Nope, I shake my head. Not going there. Parker is one of Brody's best friends. He is funny, exciting, outgoing, and doesn’t care what anyone thinks of him. He’s everything… and he would never look twice at a band geek like me. Something about Parker has always seemed familiar to me, but I’ve never been able to put my finger on why.

“Hey, Birkley,” a voice says from behind me, making me jump. I look over and see Bailey, one of the cheerleaders. She's always been nothing but kind to me, even yelling at the other cheerleaders who pick on me, but I'm still wary. What if it’s a trick?

“Oh uh, hi,” I say, giving her an awkward wave before ducking my head and backing away. She starts to speak again, but I'm backing away too fast. Her face shows sadness, but I don’t understand it. Shouldn’t she be mad at me for trying to get away from her? I finally make it to my locker and open it, about to shove my books inside, when a note falls out. I bend and pick it up, opening and reading it.

Birkley,

I’ve wanted to ask you out for so long, but I’m too scared of you rejecting me. I like you a lot, and I think I’ve finally mustered up the courage to ask you out. Meet me in the band room before class starts.

I flip the note over and over. There’s no name, and it doesn’t make sense. Who could like me? My pulse starts to race. I’ve seen Parker look at me when I’m near Juju. He’s tried to talk to me once or twice, but I get too nervous and end up squeaking and running away. The note is short and sweet, not giving anything away. Is it too much to believe that maybe it’s Parker? Maybe he didn’t want to admit his feelings in front of all seven of his friend and their girlfriends. I smile at that thought, hoping and praying that one thing in my life will go right. If I had to go through everything to find someone who looks at me the same way Brody looks at Juju, Joey looks at Lexi, Landon looks at Ricky, Dean looks at Rissa, and Alec looks at Bailey… it would have all been worth it.

Could I be that lucky? I hurriedly finish at my locker and make my way down the hall toward the band room. I hear a banging noise behind me, but I can’t miss this. The school could be on fire, and I would still rush to get to the band room. I finally make it there and stop with my fingers on the handle, nerves getting the better of me.

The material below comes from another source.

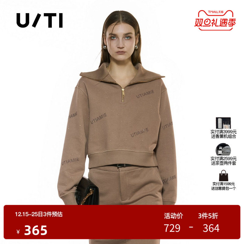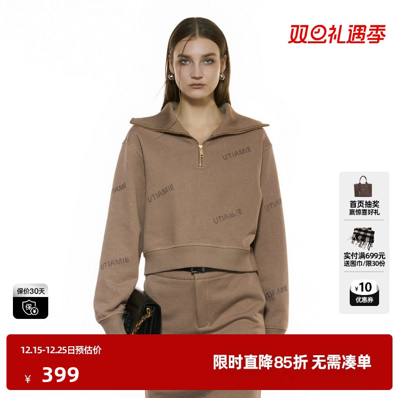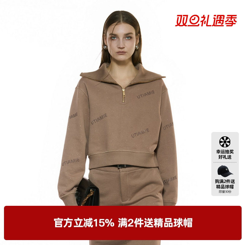 U/TI半拉链闪粉卫衣女正肩短款毛圈运动休闲上衣尤缇2025秋季新款

What will I say? What will I do if he tries to kiss me? I’ve never so much as held a guy's hand before, much less anything else. I couldn’t even tell you the last time anyone’s shown me affection besides Juju, but even she isn’t big on showing her love with hugs. My parents have never hugged or kissed me, well, as far back as I can remember, at least. No need to go down that road right now, though. I don’t want dark thoughts ruining this moment. I force a smile on my face before I push the door open and step through. I swear I hear my name being called from the hallway, but I don’t care right now. Nothing can dim this moment.

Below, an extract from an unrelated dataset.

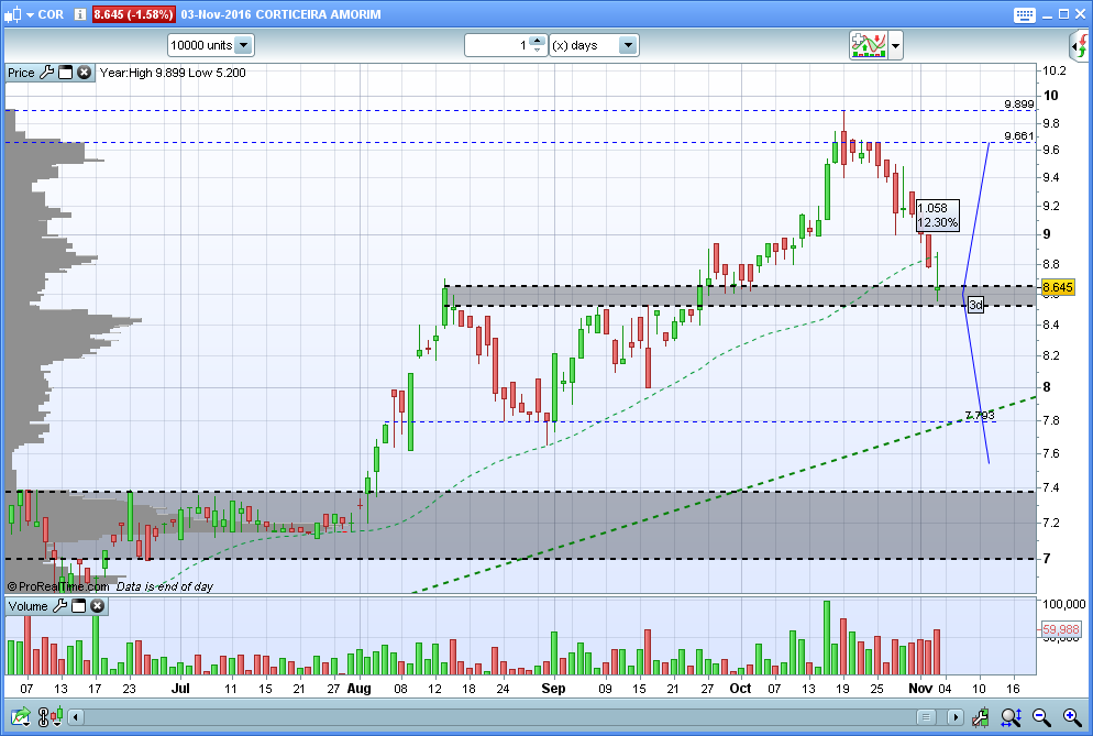Pois, a minha questão é que eu coloquei stop quando entrei nos 8,44 bem curtinho abaixo deste suporte e agora não sei que lhe fazer. Mas acho que o vou retirar e tentar reforçar amanhã mais abaixo, vou ter que encarar isto de outra forma. Mais numa óptica de investidor do que de trader. Apesar de já estar a apanhar o comboio tardíssimo. Enfim, logo se vê como corre amanhã, também o lote não é muito grande.

“Aww, look, she actually came. She actually thinks someone in this school likes her,” Kim, one of the cheerleaders, says, coming out from around the corner. The rest of the cheerleaders follow behind her, laughing.

No, no, no, this can't be happening. It was all a cruel joke? Of course it was. How could I be so stupid? I should have seen this coming. I see multiple squeeze bottles of paint in their hands, and I know what’s coming next. There’s no way to stop it. I don’t even care at this point. They’ve finally got what they want. They broke me. They took a stupid, silly crush I’ve had on a guy ten lightyears out of my league and used it to lure me here. They’ve crushed everything in me.

So as they throw paint all over me, I stand there. I stand there with my head bowed as silent tears run down my face. I faintly hear the door crash open behind me, but I couldn’t care less who's coming to join in the torture.

“WHAT THE FUCK ARE YOU DOING? WHY WOULD YOU DO THIS TO HER?” I hear yelled from behind me, and then a huge figure stands in front of me, blocking out the rest of the paint before it can hit me. It's too late, though. I have no more strength, no more will. I let myself fall to the floor and curl in on myself. Hopefully, they will all just leave. Just leave me alone.